1941 Wild

Discovery
- Discovered by: K. Reinmuth
- Discovery site: Heidelberg Obs.
- Discovery date: 6 October 1931

Designations
- Named after: Paul Wild (Swiss astronomer)
- Alternative designations: 1931 TN_{1} · 1971 SO_{1} A915 UA
- Minor planet category: main-belt · Hilda Schubart

Orbital characteristics
- Epoch 4 September 2017 (JD 2458000.5)
- Uncertainty parameter 0
- Observation arc: 101.55 yr (37,090 days)
- Aphelion: 5.0926 AU
- Perihelion: 2.8115 AU
- Semi-major axis: 3.9520 AU
- Eccentricity: 0.2886
- Orbital period (sidereal): 7.86 yr (2,870 days)
- Mean anomaly: 288.25°
- Mean motion: 0° 7^{m} 31.8^{s} / day
- Inclination: 3.9587°
- Longitude of ascending node: 60.454°
- Argument of perihelion: 302.70°
- Jupiter MOID: 0.4044 AU
- T_{Jupiter}: 2.9810

Physical characteristics
- Dimensions: 17.120±0.122 km 24.30 km (calculated)
- Synodic rotation period: 9.05 h 45.6488±0.1783 h
- Geometric albedo: 0.057 (assumed) 0.152±0.032
- Spectral type: M · C
- Absolute magnitude (H): 11.8 · 11.83±0.38 · 12.139±0.002 (S)

= 1941 Wild =

Hilda asteroid

1941 Wild, provisional designation , is an eccentric Hildian asteroid from the outermost region of the asteroid belt, approximately 20 kilometers in diameter.

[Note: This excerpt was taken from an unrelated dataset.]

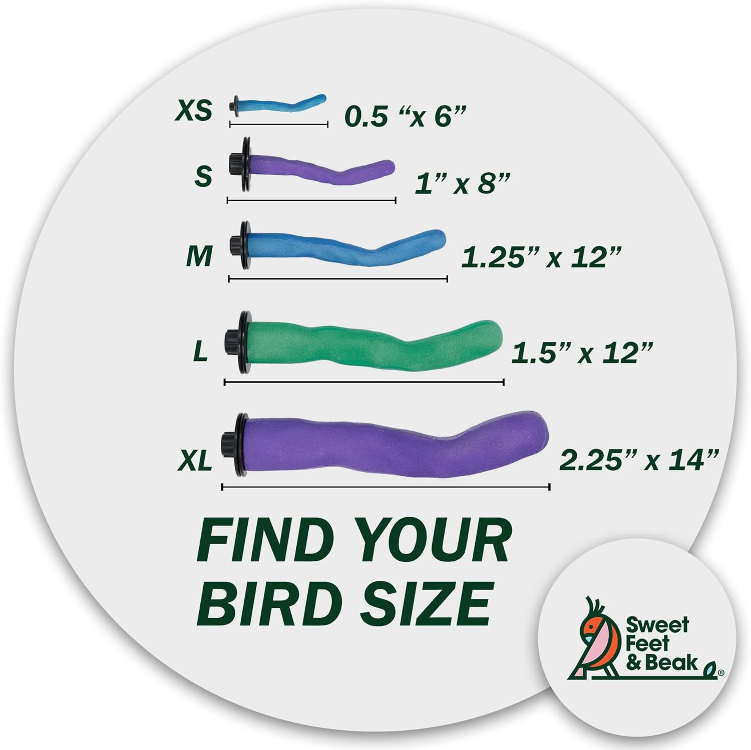 - Grooming Bird Perch: The SF&B Safety Pumice perch for birds is designed with a smooth top for tender bird feet and textured sides to keep nails naturally trimmed; this plastic and pumice bird cage perch is ideal for Conures, Cockatiels, and other similar size birds

It was discovered on 6 October 1931, by German astronomer Karl Reinmuth at Heidelberg Observatory in southern Germany. The asteroid was named for Swiss astronomer Paul Wild.

== Orbit and classification ==

Wild is a member of the Hilda family, a large group of asteroids that are thought to have originated from the Kuiper belt. Located in the outermost part of the main-belt, they orbit in a 3:2 orbital resonance with the gas giant Jupiter, meaning that for every 2 orbits Jupiter completes around the Sun, a Hildian asteroid will complete 3 orbits. As the Hildas neither cross the path of any of the planets nor can they be pulled out of orbit by Jupiter's gravitational field due to their resonance, it is likely that the asteroid will remain in a stable orbit for thousands of years.

The asteroid orbits the Sun in the outer main-belt at a distance of 2.8–5.1 AU once every 7 years and 10 months (2,870 days). Its orbit has an eccentricity of 0.29 and an inclination of 4° with respect to the ecliptic. Wild's observation arc begins with its discovery observation, as , a previous identification made at Heidelberg in 1918, remained unused.

== Physical characteristics ==

According to the survey on the Hilda Population carried out by the Wide-field Infrared Survey Explorer (WISE) with its subsequent NEOWISE mission, Wild measures 17.2 kilometers in diameter, and its surface has an albedo of 0.152, while the Collaborative Asteroid Lightcurve Link assumes a standard albedo for carbonaceous asteroids 0.057, and calculates a diameter of 24.3 kilometers with an absolute magnitude of 11.8. WISE also classifies the carbonaceous asteroid as a metallic M-type.

A rotational lightcurve of Wild was obtained by Richard P. Binzel in October 1987. It gave a rotation period of 9.05 hours with a brightness variation of 0.36 magnitude (U=2). A longer period of 45.6 hours was derived from photometric observations at the Palomar Transient Factory in September 2011 (U=1)

== Naming ==

This minor planet was named in honor of Swiss astronomer Paul Wild (1925–2014), who worked at the Astronomical Institute of the University of Bern. Wild's research focused on the discovery and observation of supernovae in other galaxies. He was also a prolific discoverer of minor planets and comets, most notably of comet Wild 2, which he discovered at the university's nearby Zimmerwald Observatory, and which was later visited by NASA's Stardust Mission. The official was published by the Minor Planet Center on 20 February 1976 (M.P.C. 3938).